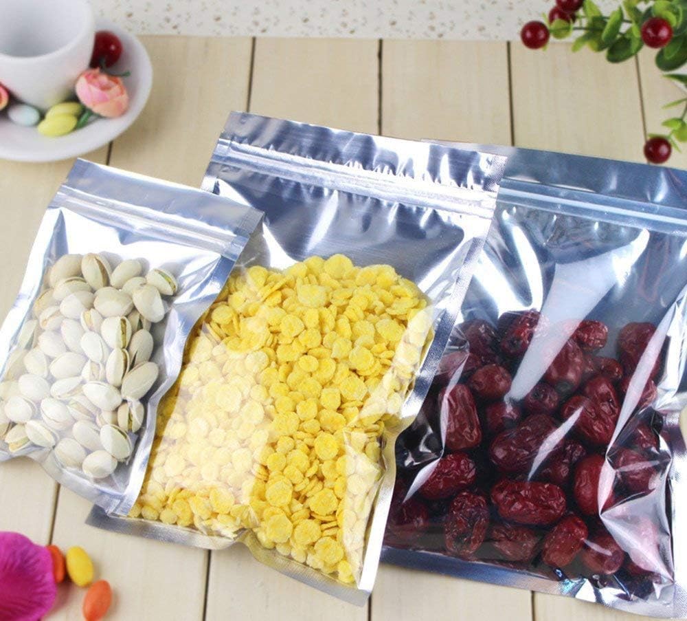 The pouches are made from clear front aluminum foil Mylar, which is durable and suitable for food storage.
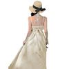 Vacaciones Junto al Mar Azul Estilo Suave Vestido de Tirantes para Mujer Verano Diseño Nicho Tira Trasera Playa Falda Larga
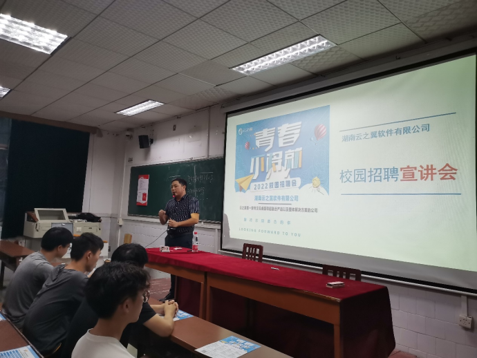 2021年9月27日下午,湖南云之翼软件有限公司宣讲会在3教学楼101教室举行。湖南云之翼软件有限公司(以下简称云之翼)专注于私有云平台基础IT架构,是一家专业以虚拟化技术为依托建设私有云平台的高新科技企业。此次宣讲会致力于解决19级网络空间安全学院毕业生就业难的问题。网络空间安全学院孙洪淋院长、云之翼总经理刘平参加了该次宣讲会。
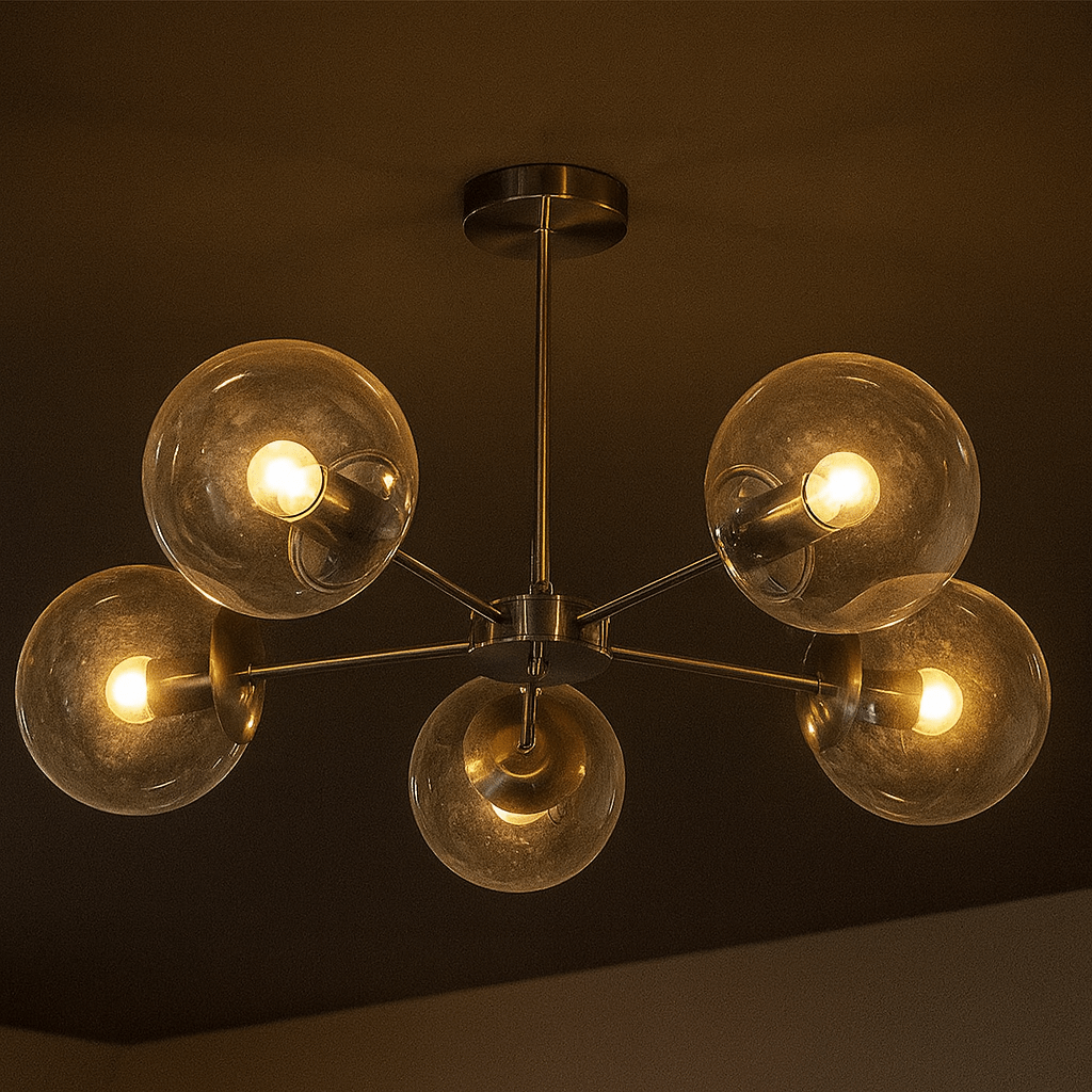 Statement dining table lighting: Hang centred over a 6–8 seater dining table to evenly illuminate meals and conversations, while the clear glass keeps sightlines open.
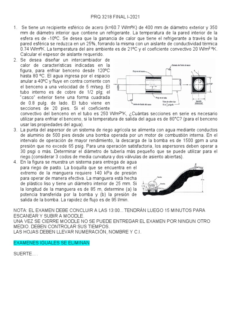 1. Se tiene un recipiente esférico de acero (k=60.7 W/mºK) de 400 mm de diámetro exterior y 350
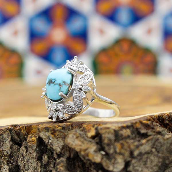 انگشتر فیروزه نیشابوری نقره زنانه طرح شکوهه
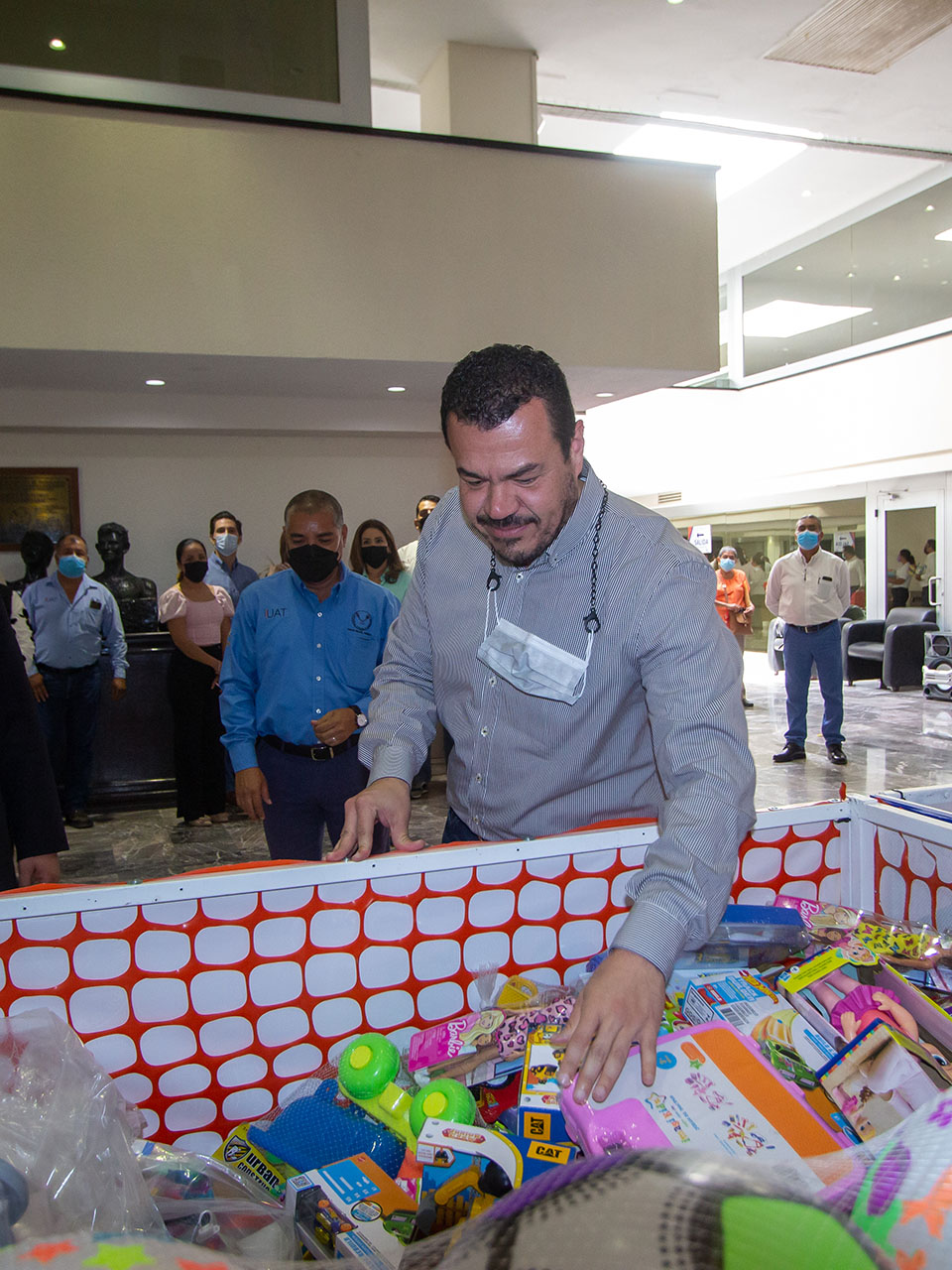 El C.P. Guillermo Mendoza Cavazos, Rector de la Universidad Autónoma de Tamaulipas (UAT), encabezó la entrega de donativos de la comunidad universitaria y representantes de las diversas secretarías, direcciones y dependencias de la casa de estudios, dentro de la colecta del programa Corazón de Niño “Dona un juguete, gana una sonrisa”.
--------
- [Assignment] Return every entry of the data above verbatim, with no images included.

- [Result below]
 The pouches are made from clear front aluminum foil Mylar, which is durable and suitable for food storage.
 Vacaciones Junto al Mar Azul Estilo Suave Vestido de Tirantes para Mujer Verano Diseño Nicho Tira Trasera Playa Falda Larga
 2021年9月27日下午,湖南云之翼软件有限公司宣讲会在3教学楼101教室举行。湖南云之翼软件有限公司(以下简称云之翼)专注于私有云平台基础IT架构,是一家专业以虚拟化技术为依托建设私有云平台的高新科技企业。此次宣讲会致力于解决19级网络空间安全学院毕业生就业难的问题。网络空间安全学院孙洪淋院长、云之翼总经理刘平参加了该次宣讲会。
 Statement dining table lighting: Hang centred over a 6–8 seater dining table to evenly illuminate meals and conversations, while the clear glass keeps sightlines open.
 1. Se tiene un recipiente esférico de acero (k=60.7 W/mºK) de 400 mm de diámetro exterior y 350
 انگشتر فیروزه نیشابوری نقره زنانه طرح شکوهه
 El C.P. Guillermo Mendoza Cavazos, Rector de la Universidad Autónoma de Tamaulipas (UAT), encabezó la entrega de donativos de la comunidad universitaria y representantes de las diversas secretarías, direcciones y dependencias de la casa de estudios, dentro de la colecta del programa Corazón de Niño “Dona un juguete, gana una sonrisa”.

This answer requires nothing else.